[Opening Data extract section]
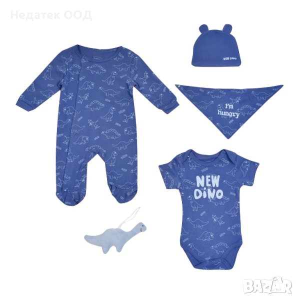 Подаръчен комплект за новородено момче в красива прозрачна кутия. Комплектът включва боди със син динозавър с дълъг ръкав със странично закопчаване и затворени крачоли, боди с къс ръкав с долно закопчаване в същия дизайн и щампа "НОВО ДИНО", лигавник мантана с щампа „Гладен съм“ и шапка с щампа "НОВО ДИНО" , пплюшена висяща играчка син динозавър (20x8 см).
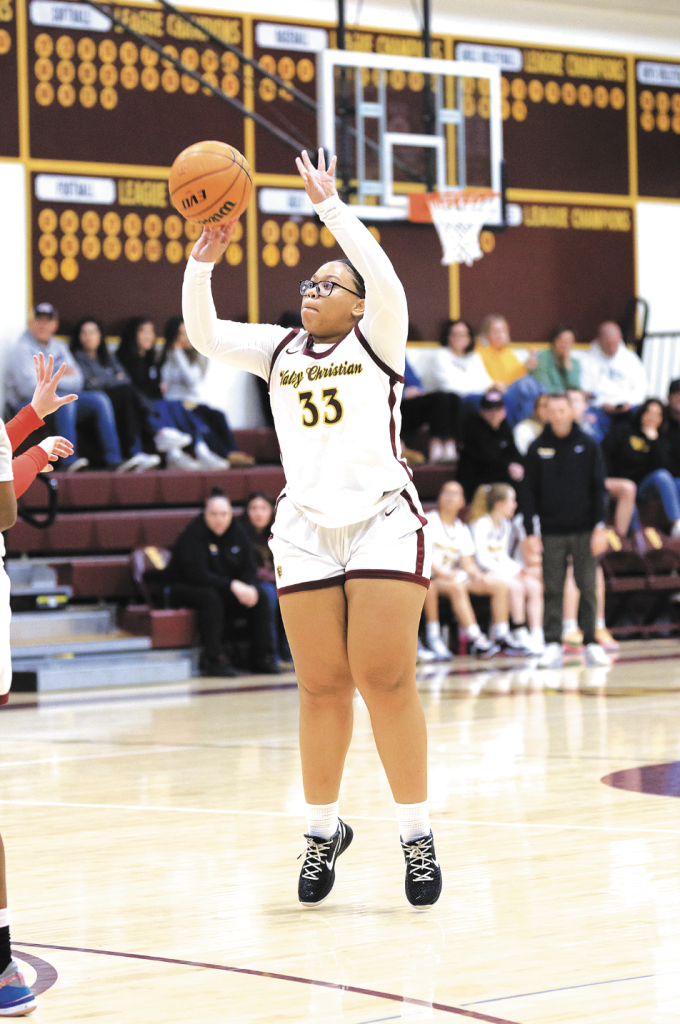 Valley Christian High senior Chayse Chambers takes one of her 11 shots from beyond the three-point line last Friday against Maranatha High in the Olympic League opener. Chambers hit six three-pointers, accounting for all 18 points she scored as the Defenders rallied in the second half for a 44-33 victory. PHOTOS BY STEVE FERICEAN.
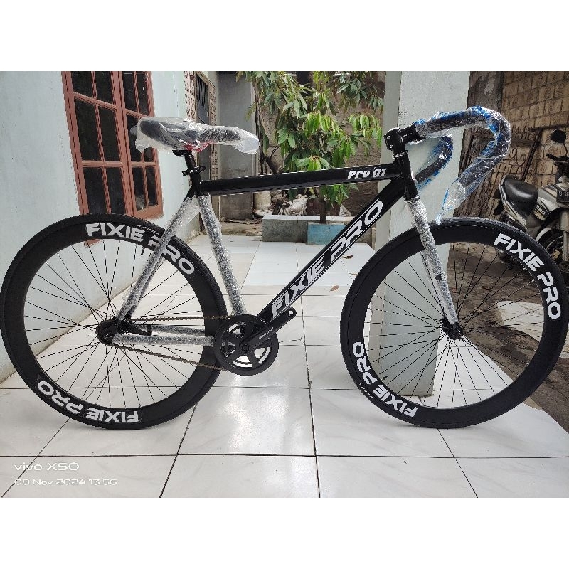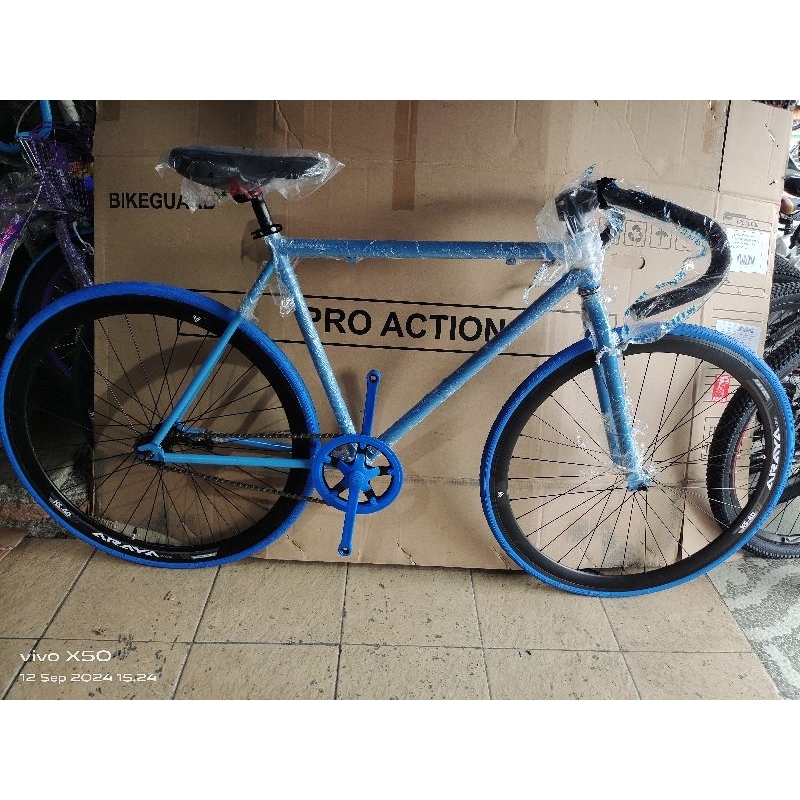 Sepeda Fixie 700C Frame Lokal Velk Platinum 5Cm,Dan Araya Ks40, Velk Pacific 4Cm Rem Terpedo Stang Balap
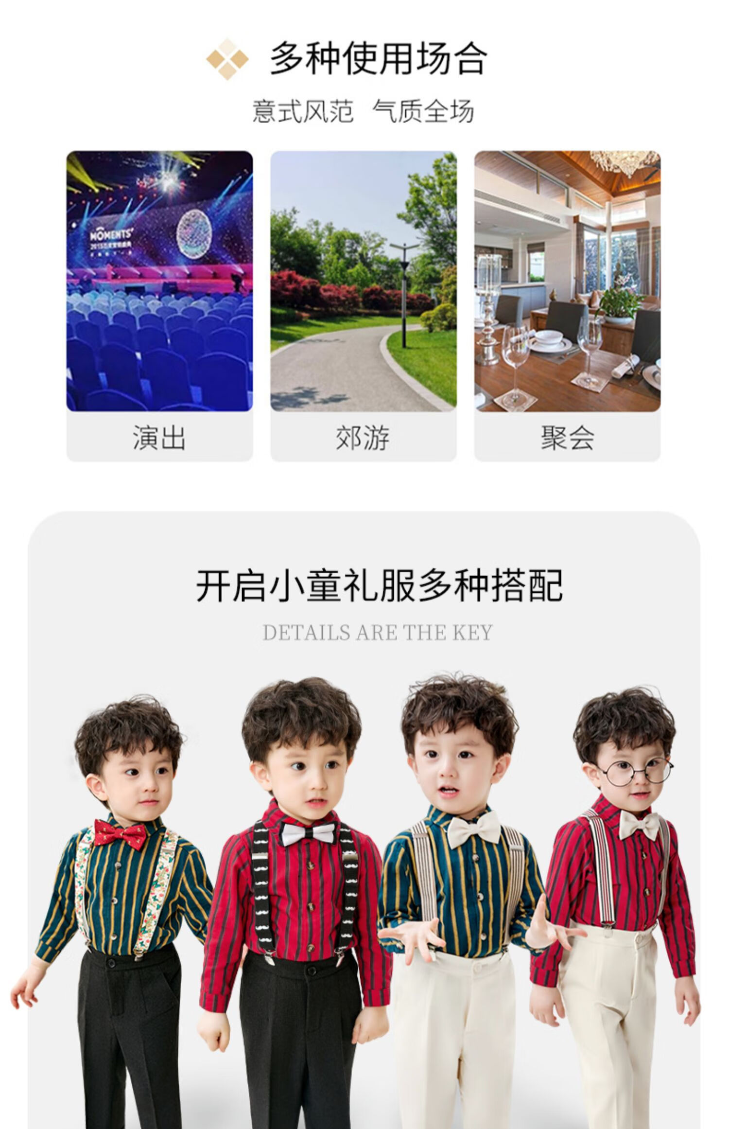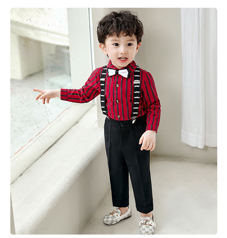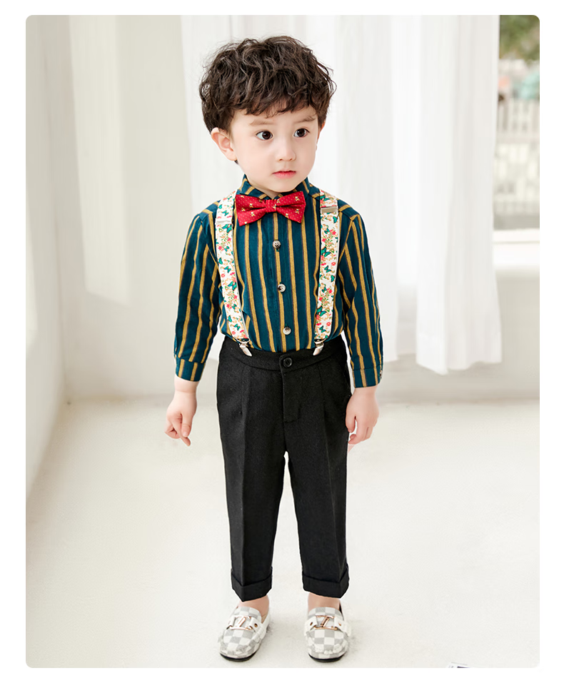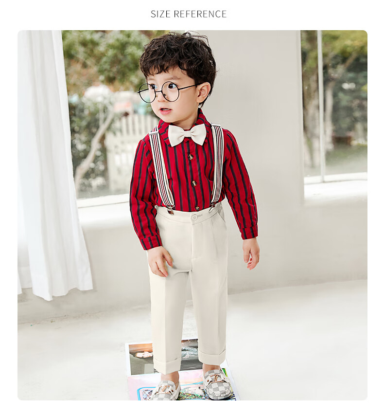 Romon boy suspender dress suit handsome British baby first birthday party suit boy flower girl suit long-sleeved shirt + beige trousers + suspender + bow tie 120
[Closing Data extract section]
■ **What the task requires**
Pictures in the material above should be skipped; print exactly the lines from the one with "Valley Christian High" through the one with "Sepeda Fixie 700C".

■ **Your solution**
 Valley Christian High senior Chayse Chambers takes one of her 11 shots from beyond the three-point line last Friday against Maranatha High in the Olympic League opener. Chambers hit six three-pointers, accounting for all 18 points she scored as the Defenders rallied in the second half for a 44-33 victory. PHOTOS BY STEVE FERICEAN.
 Sepeda Fixie 700C Frame Lokal Velk Platinum 5Cm,Dan Araya Ks40, Velk Pacific 4Cm Rem Terpedo Stang Balap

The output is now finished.